И хотя я огорчился, она все же ушла. Хорошенькие девушки поглядывали на меня, словно говоря: «А мы-то умеем танцевать, Мишель! Пойдем!»
Но я, я предпочел бы шею себе сломать, чем пойти танцевать с другой. И я тоже вышел в сени. Маргарита уже была в кухне, где женщины — тетушка Летюмье, Николь, тетушка Катрина, родственница Летюмье Сюзанна Шассен вне себя от негодования кричали:
— Вот безобразие… Петь такие песни — песни против королевы! У мужчин нет здравого смысла… и даже наилучшие ничего не стоят!..
И так далее. А меж тем в большой соседней горнице патриоты хохотали прямо как безумные, притопывали и пели песенку о «Мадам Вето»[143]. Запевал свояк Морис, остальные подхватывали припев.
Разумеется, я пошел взглянуть, что же там происходит. И, открыв дверь, увидел презабавное зрелище: свояк Морис в небесно-голубом фраке с широкими отворотами и при двух часах с брелоками, свисающими на желтые панталоны, в рубахе с жабо и большим трехцветным галстуком, в огромной треугольной шляпе, заломленной набекрень, отплясывал какой-то дьявольский танец — то выбрасывал ногу кверху, то прижимал колено к подбородку, покачивался, подпрыгивал, вертелся, изгибался всем телом, да так, что и представить себе немыслимо, и еще при этом пел «Мадам Вето» — непристойную песню про королеву, остальные патриоты сидели за столом с красными носами, выкатив глаза от удовольствия, и иногда, изнемогая от хохота, откидывались на спинки стульев, свесив руки, разевая рот до ушей; стены дрожали, а Морис все отплясывал, склонив голову, выделывая коленца и пел:
Мадам Вето и то и се,
Мадам Вето и се и то!
Пелась песня еще со времени истории с ожерельем кардинала, и в ней были дюжины куплетов, одни хлеще других; мне стало даже как-то неловко. Но патриоты, собравшиеся здесь, так долго бедствовали из-за мотовства двора, что теперь веселились вволю, и все им было нипочем.

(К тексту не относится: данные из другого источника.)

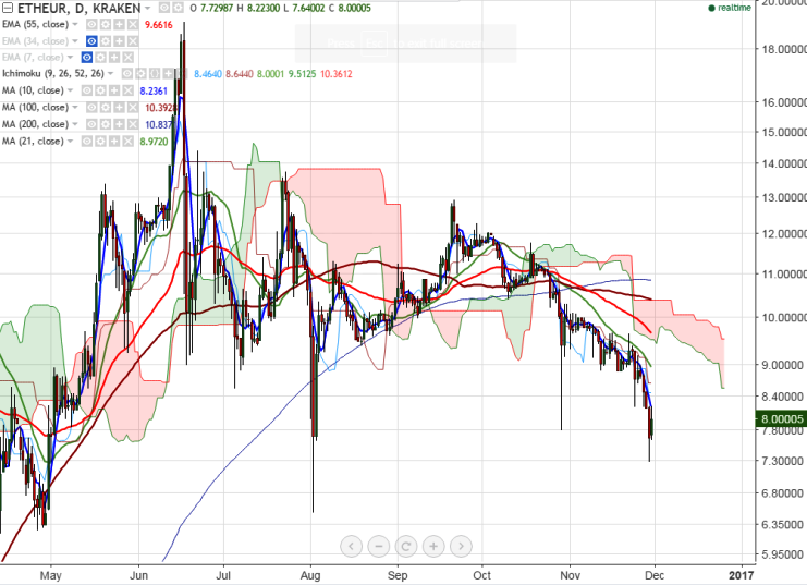 ETH/EUR is seen trading slightly above on Wednesday after showing a plunge. The pair slightly jumped till 8.22 after making a low of 7.28 yesterday (KRAKEN). It is currently trading around 7.94 at the time of writing.

Даже сам верзила Летюмье в конце концов до того был захвачен этим бешеным танцем, что пустился в пляс вслед за кузеном, пошел плясать и дядюшка Жан, а потом и бывший председатель клуба, Рафаэль.
Однако ж как все меняется в этом мире! В харчевне «Трех голубей», куда прежде являлись потанцевать с дамами-горожанками офицеры Руэргского, Шенауского и Лаферского полков, вся бывшая знать — графы, герцоги, маркизы — и танцевали степенно, важно, склоняясь и сплетаясь, словно цветочные гирлянды, под звуки скрипок, где они пили вино, охлажденное в ручье, и лакомились пирожными, которые приносил в корзинах на согбенной спине какой-нибудь старый служака, ныне в этой харчевне отплясывали новый танец — танец патриотов. Да у знатных господ глаза бы на лоб полезли, если б они увидели, как люди отплясывают новый танец — прыгают и беснуются, словно одержимые пляской св. Витта, как издеваются над всеми старинными менуэтами, если б услышали эту неумолчную песню:
Мадам Вето и то и се,
Мадам Вето и се и то!
Нет, таких выходок у нас еще не видывали. И женщины, возмущавшиеся за стеной, пожалуй, были правы, но это не мешало патриотам хохотать.
Шовель не танцевал. Он сидел в конце стола, смотрел, подмигивал, побледнев от веселого возбуждения… Он выбивал такт рукояткой ножа и время от времени насмешливо выкрикивал:
— Ну, смелей, Летюмье!.. Вот-вот, попал в точку. Эй, сосед Жан, вперед! Вот так, здорово! Да вы делаете успехи, господин председатель Рафаэль!
Вот тут и проявился насмешливый его ум. Именно такой Шовель и писал нам, что он должен был бы явиться на свет в Париже.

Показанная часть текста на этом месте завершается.